** Opening RECORDS TO USE block **

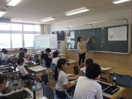 書写の時間です。「道」の文字から「しんにょう」の部分とその他の部分の組み立てについて話を聴いていました。学んだことを実際毛筆で書く際に生かしましょう。
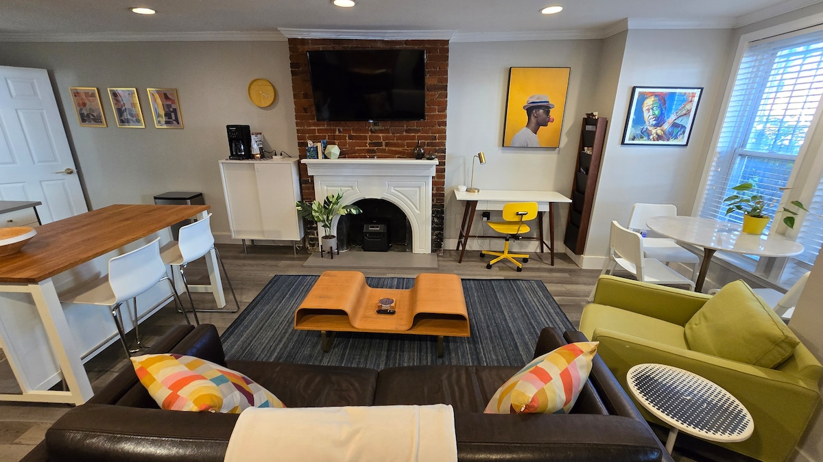 History and luxury meet in your rental which is a meticulously renovated luxury floor which includes top of the line amenities, private rooftop deck with Pergola, dual sided gas fireplace, luxurious and spacious bathroom including washer dryer, solar powered black-out blinds and leading gourmet coffee machine! We are close to Capital Hill, Brookland, Ivy City, Union Market, & H street corridor and a 10 minute Uber ride from Union Station. Free parking is provided onsite!
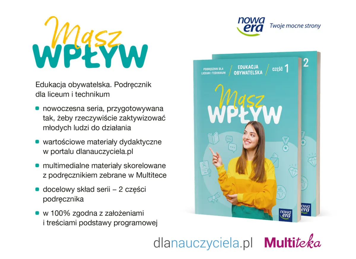 Podręcznik nosi tytuł „Masz wpływ” i zawiera treści dotyczące postaw obywatelskich, inicjatyw społecznych oraz zasad funkcjonowania państwa i społeczeństwa obywatelskiego. Materiały zostały opracowane tak, aby rozwijać w uczniach świadomość obywatelską, umiejętność krytycznego myślenia i poczucie sprawczości. To nowoczesny podręcznik, który – oprócz treści nauczania – oferuje przystępne wyjaśnienia, bogatą szatę graficzną oraz liczne elementy aktywizujące ucznia. Co istotne, w pełni odpowiada wymaganiom podstawy programowej przedmiotu edukacja obywatelska, zapewniając nauczycielom narzędzie zgodne z obowiązującymi standardami kształcenia.
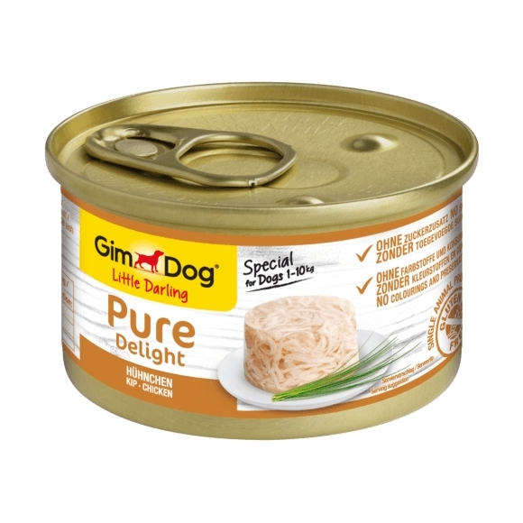 GimDog Little Darling Pure Delight Chicken - консерва с кусочками курицы в желе для собак малых пород (1-10 кг). Нежные, богатые белками кусочки мяса в восхитительном желе. Идеально подходит для собак c чувствительным пищеварением. Без глютена, без консервантов, без пшеницы, без сои, без искусственных цветов, без добавления сахара.
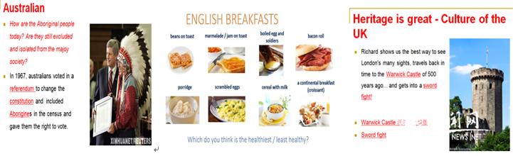 阿爾斯特英語教學團隊由多名中、外教組成。擁有不同文化背景的教師為教學注入了不同的文化特色。例如:來自英國的外教Kevin和澳大利亞的外教Hugh分別將兩國的飲食特色及文化融入了課堂;中教也根據不同章節(jié)的教學主題,為學生補充相關的文化背景知識。這不僅開拓了學生的國際化視野,也培養(yǎng)了學生多文化角度看待問題的能力。
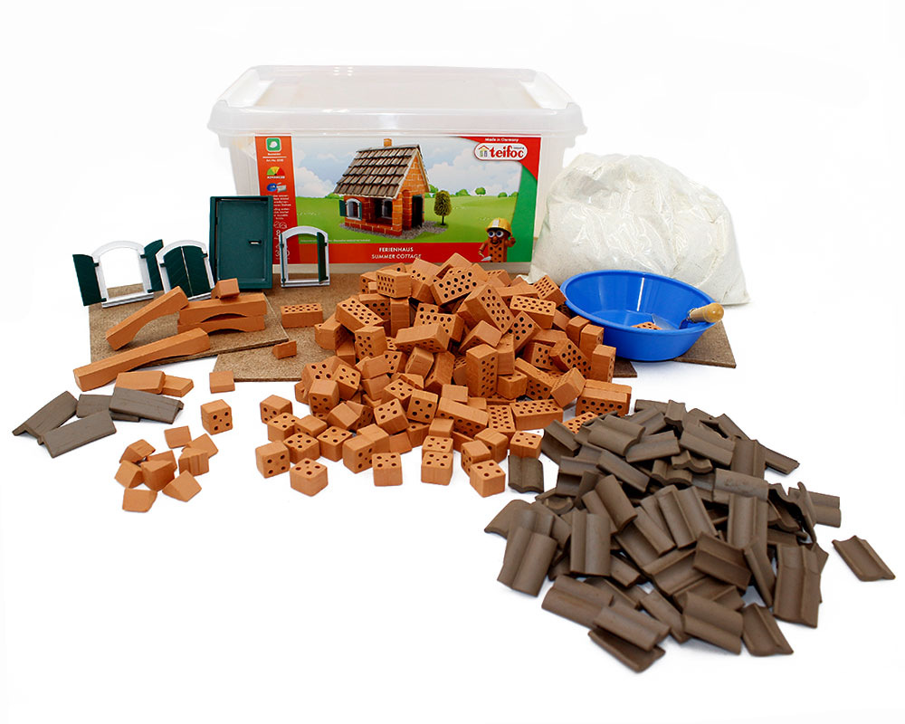 Zažij pocity opravdových stavebníků, rozmíchej maltu, namaž cihly, postav dům či hrad, rozmoč, osuš - a můžeš stavět znovu. Stavebnice ze skutečných cihel spojovaných kukuřičnou maltou trénuje nejen jemnou motoriku, ale podněcuje i kreativitu dětí. Vyrobeno v Německu. Rozměr krabice: 33 x 24 x 16 cm (320 ks) Vhodné pro děti od 6 let.
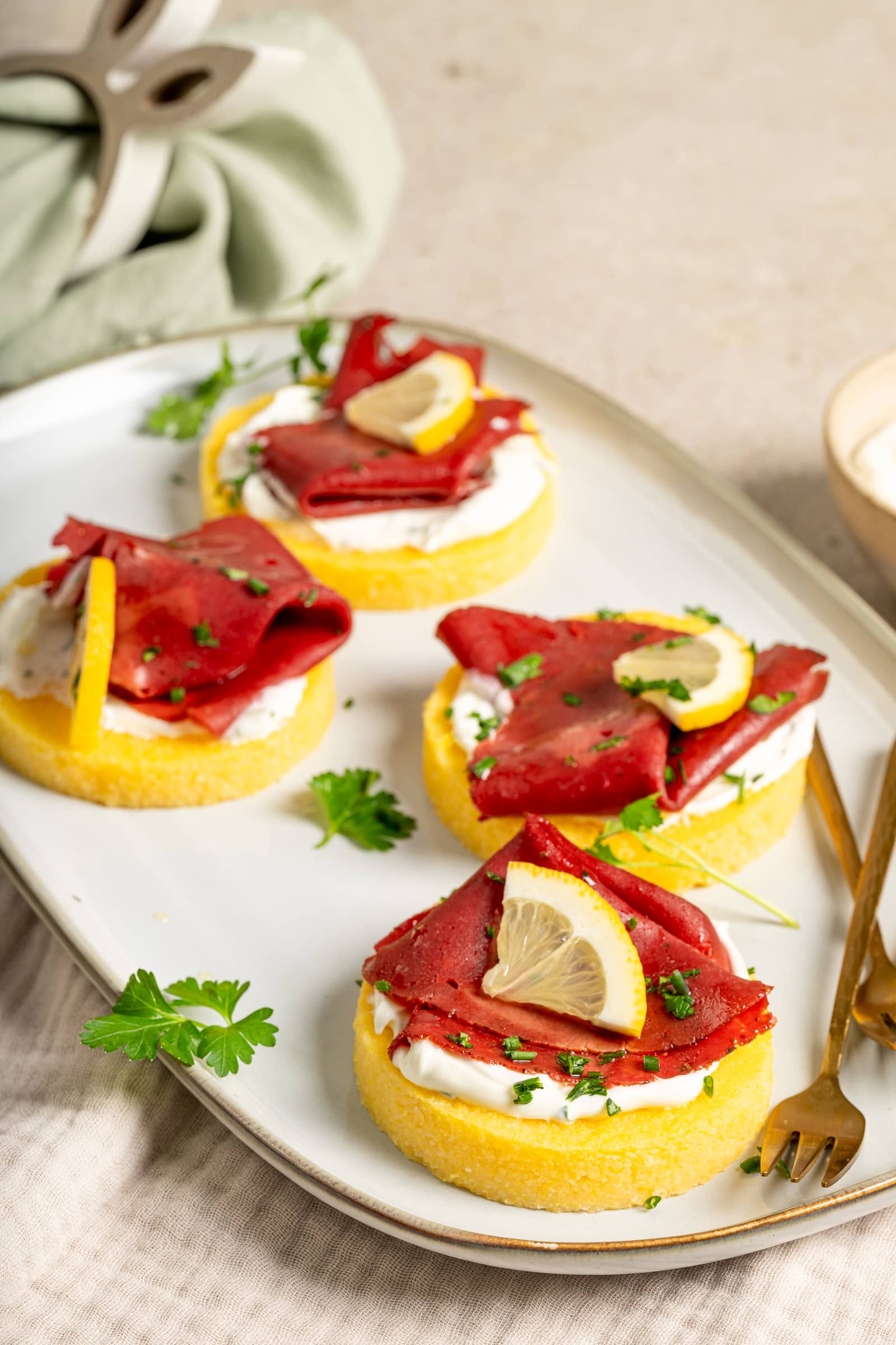 Tartine di polenta con formaggio spalmabile e bresaola, al profumo di erbe aromatiche
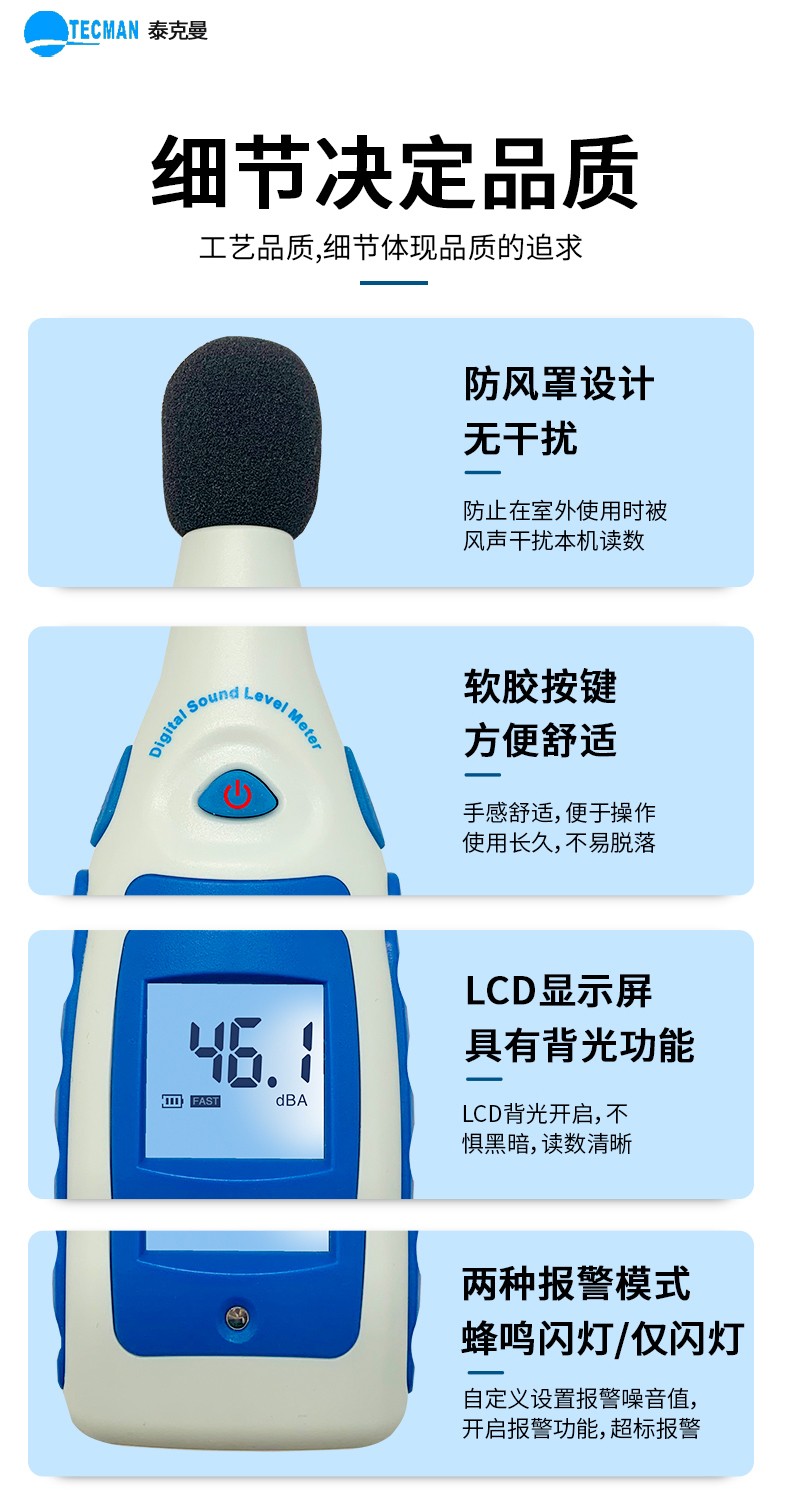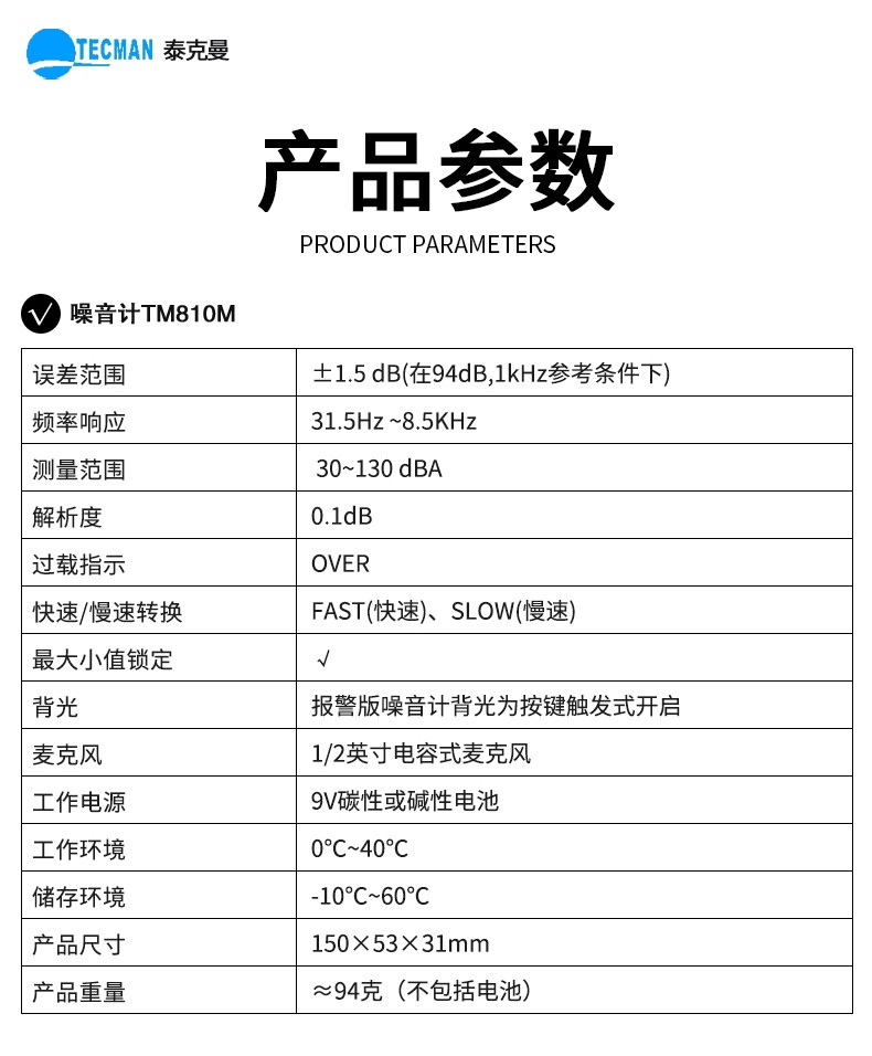 泰克曼TM810M数字噪音计报警声音测量仪表
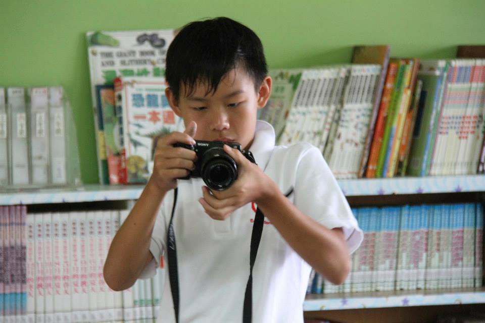 王保駿小朋友很專注地拍照

** Closing RECORDS TO USE block **

(WHAT YOU ARE ASKED TO DO) Leaving out the pictures, restate each line of the listing above verbatim, from the opening line to the line bearing "History and luxury", inclusive, and no more.

(ANSWER SPACE)
 書写の時間です。「道」の文字から「しんにょう」の部分とその他の部分の組み立てについて話を聴いていました。学んだことを実際毛筆で書く際に生かしましょう。
 History and luxury meet in your rental which is a meticulously renovated luxury floor which includes top of the line amenities, private rooftop deck with Pergola, dual sided gas fireplace, luxurious and spacious bathroom including washer dryer, solar powered black-out blinds and leading gourmet coffee machine! We are close to Capital Hill, Brookland, Ivy City, Union Market, & H street corridor and a 10 minute Uber ride from Union Station. Free parking is provided onsite!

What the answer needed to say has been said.